BRIEF — Please copy the lines below, exactly as they are, from the one with "The menu offers" through the one with "Лев Лещенко, Алла", and leave out the pictures.

SUPPLIED MATERIAL —
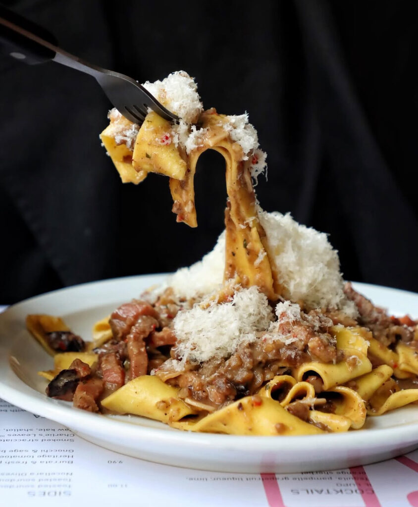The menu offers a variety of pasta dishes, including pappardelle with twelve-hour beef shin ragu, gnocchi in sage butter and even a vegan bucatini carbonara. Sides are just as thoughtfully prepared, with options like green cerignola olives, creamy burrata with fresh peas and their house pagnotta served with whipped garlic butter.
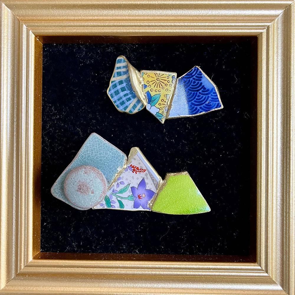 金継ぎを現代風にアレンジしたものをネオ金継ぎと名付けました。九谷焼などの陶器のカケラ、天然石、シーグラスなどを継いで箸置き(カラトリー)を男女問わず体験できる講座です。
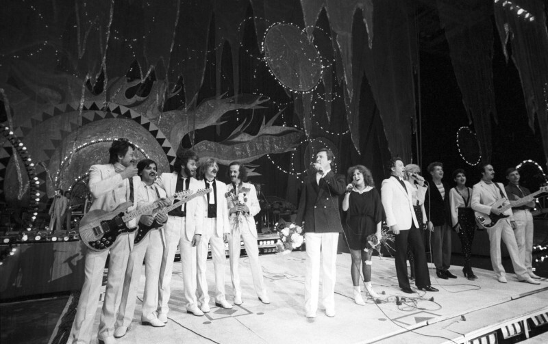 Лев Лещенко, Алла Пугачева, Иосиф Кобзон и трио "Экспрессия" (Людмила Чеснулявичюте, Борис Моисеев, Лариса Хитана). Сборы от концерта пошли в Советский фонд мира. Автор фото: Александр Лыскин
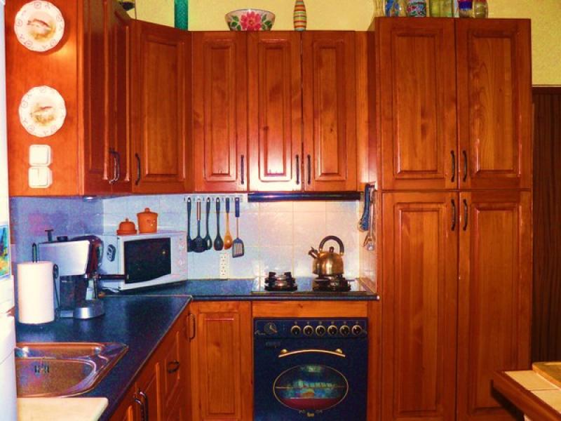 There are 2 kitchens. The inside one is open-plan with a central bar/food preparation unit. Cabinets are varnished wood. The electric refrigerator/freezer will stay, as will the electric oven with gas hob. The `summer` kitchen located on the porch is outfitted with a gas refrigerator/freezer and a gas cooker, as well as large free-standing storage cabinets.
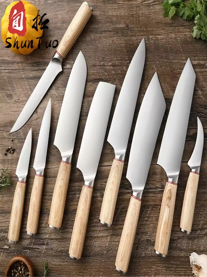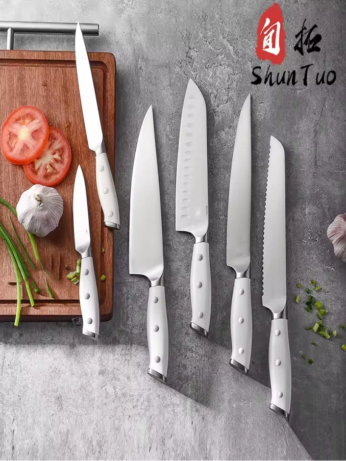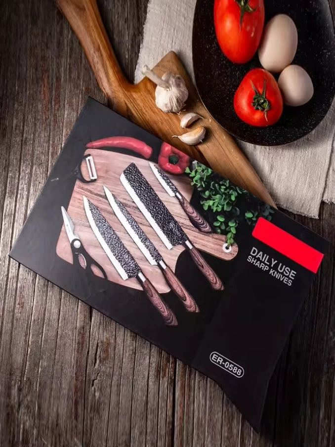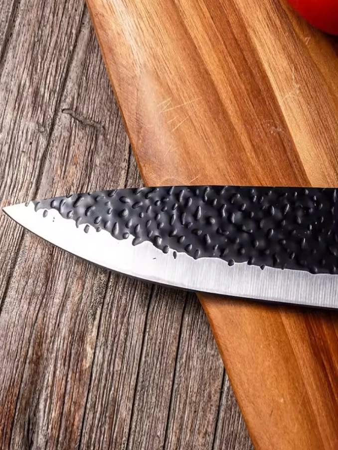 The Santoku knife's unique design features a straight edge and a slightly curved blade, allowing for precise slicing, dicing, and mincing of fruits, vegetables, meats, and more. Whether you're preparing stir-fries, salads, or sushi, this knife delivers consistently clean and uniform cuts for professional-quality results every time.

---

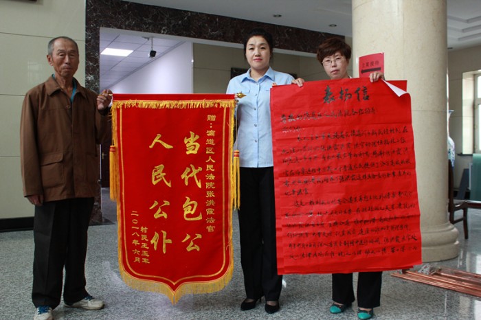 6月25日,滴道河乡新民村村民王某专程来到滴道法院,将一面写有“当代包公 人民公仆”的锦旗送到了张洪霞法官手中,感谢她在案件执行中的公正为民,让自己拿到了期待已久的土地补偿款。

SOLUTION —
The menu offers a variety of pasta dishes, including pappardelle with twelve-hour beef shin ragu, gnocchi in sage butter and even a vegan bucatini carbonara. Sides are just as thoughtfully prepared, with options like green cerignola olives, creamy burrata with fresh peas and their house pagnotta served with whipped garlic butter.
 金継ぎを現代風にアレンジしたものをネオ金継ぎと名付けました。九谷焼などの陶器のカケラ、天然石、シーグラスなどを継いで箸置き(カラトリー)を男女問わず体験できる講座です。
 Лев Лещенко, Алла Пугачева, Иосиф Кобзон и трио "Экспрессия" (Людмила Чеснулявичюте, Борис Моисеев, Лариса Хитана). Сборы от концерта пошли в Советский фонд мира. Автор фото: Александр Лыскин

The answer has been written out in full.